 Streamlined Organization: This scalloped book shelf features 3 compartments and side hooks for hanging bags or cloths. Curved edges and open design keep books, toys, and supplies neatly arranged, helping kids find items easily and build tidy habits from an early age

---

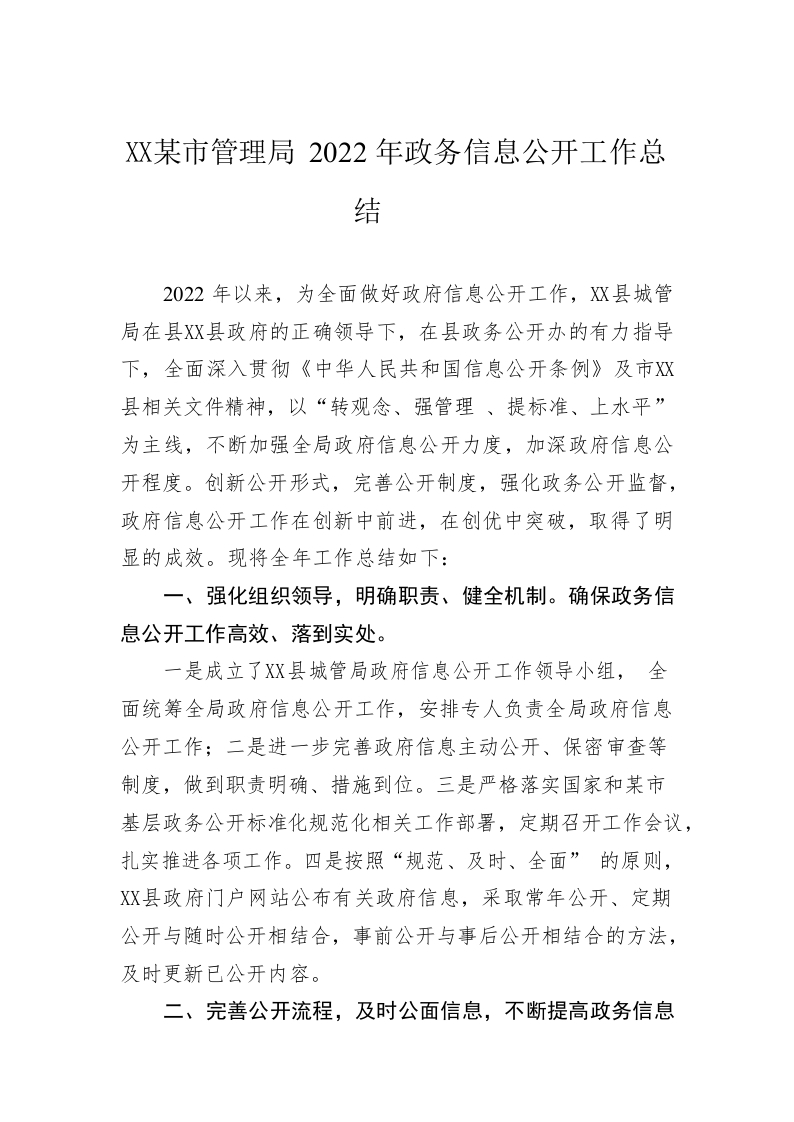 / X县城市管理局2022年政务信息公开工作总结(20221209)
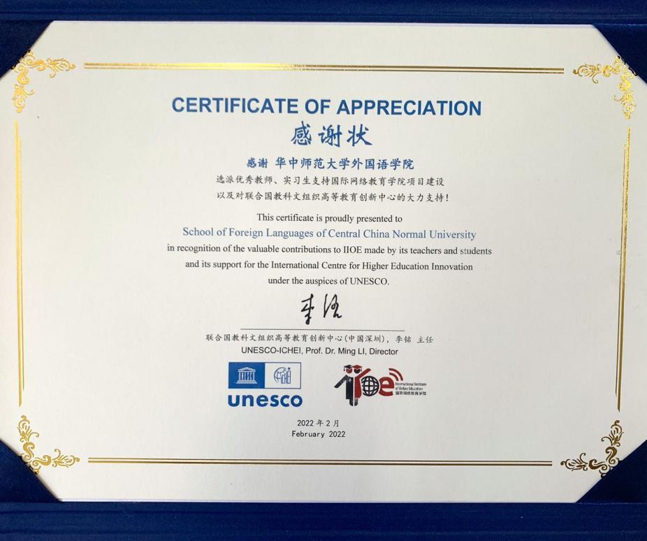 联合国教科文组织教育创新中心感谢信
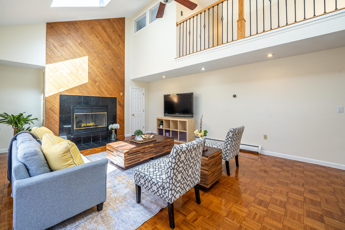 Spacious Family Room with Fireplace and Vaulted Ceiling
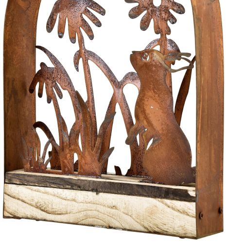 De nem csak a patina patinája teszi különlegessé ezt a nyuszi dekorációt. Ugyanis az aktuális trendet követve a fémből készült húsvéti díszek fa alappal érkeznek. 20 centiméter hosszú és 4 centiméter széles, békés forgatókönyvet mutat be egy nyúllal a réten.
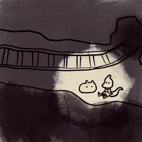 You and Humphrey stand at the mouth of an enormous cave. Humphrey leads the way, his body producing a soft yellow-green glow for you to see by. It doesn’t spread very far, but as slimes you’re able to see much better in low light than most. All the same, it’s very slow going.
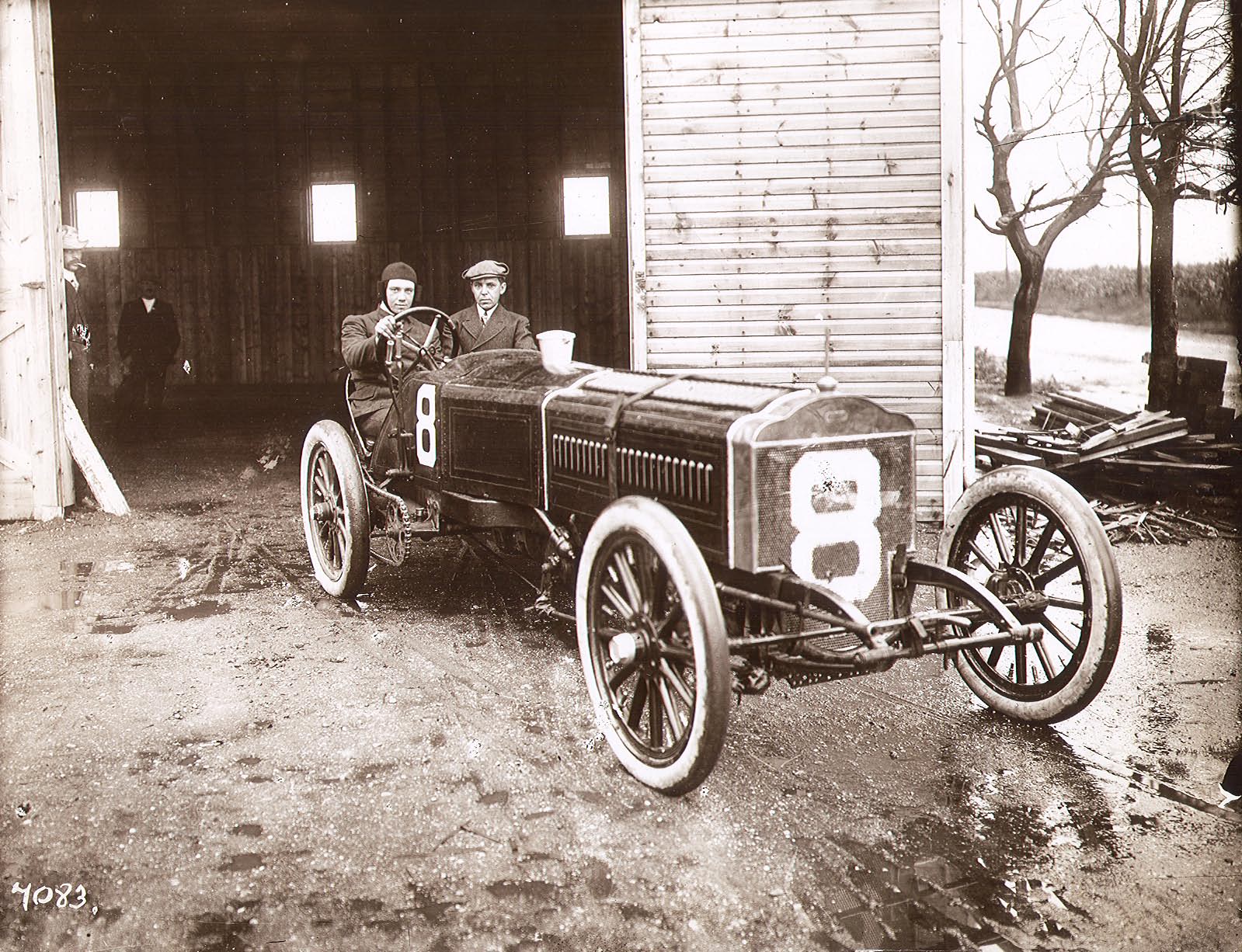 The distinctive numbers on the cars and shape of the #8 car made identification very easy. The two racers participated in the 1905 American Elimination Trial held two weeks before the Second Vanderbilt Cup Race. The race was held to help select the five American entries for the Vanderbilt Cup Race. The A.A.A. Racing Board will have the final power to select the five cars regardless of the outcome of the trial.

#### What the exercise asks
Everything above from the line that has "Spacious Family Room" down to the line that has "The distinctive numbers" should be output exactly, with both of those lines included. Leave the pictures behind.

#### Exercise response
 Spacious Family Room with Fireplace and Vaulted Ceiling
 De nem csak a patina patinája teszi különlegessé ezt a nyuszi dekorációt. Ugyanis az aktuális trendet követve a fémből készült húsvéti díszek fa alappal érkeznek. 20 centiméter hosszú és 4 centiméter széles, békés forgatókönyvet mutat be egy nyúllal a réten.
 You and Humphrey stand at the mouth of an enormous cave. Humphrey leads the way, his body producing a soft yellow-green glow for you to see by. It doesn’t spread very far, but as slimes you’re able to see much better in low light than most. All the same, it’s very slow going.
 The distinctive numbers on the cars and shape of the #8 car made identification very easy. The two racers participated in the 1905 American Elimination Trial held two weeks before the Second Vanderbilt Cup Race. The race was held to help select the five American entries for the Vanderbilt Cup Race. The A.A.A. Racing Board will have the final power to select the five cars regardless of the outcome of the trial.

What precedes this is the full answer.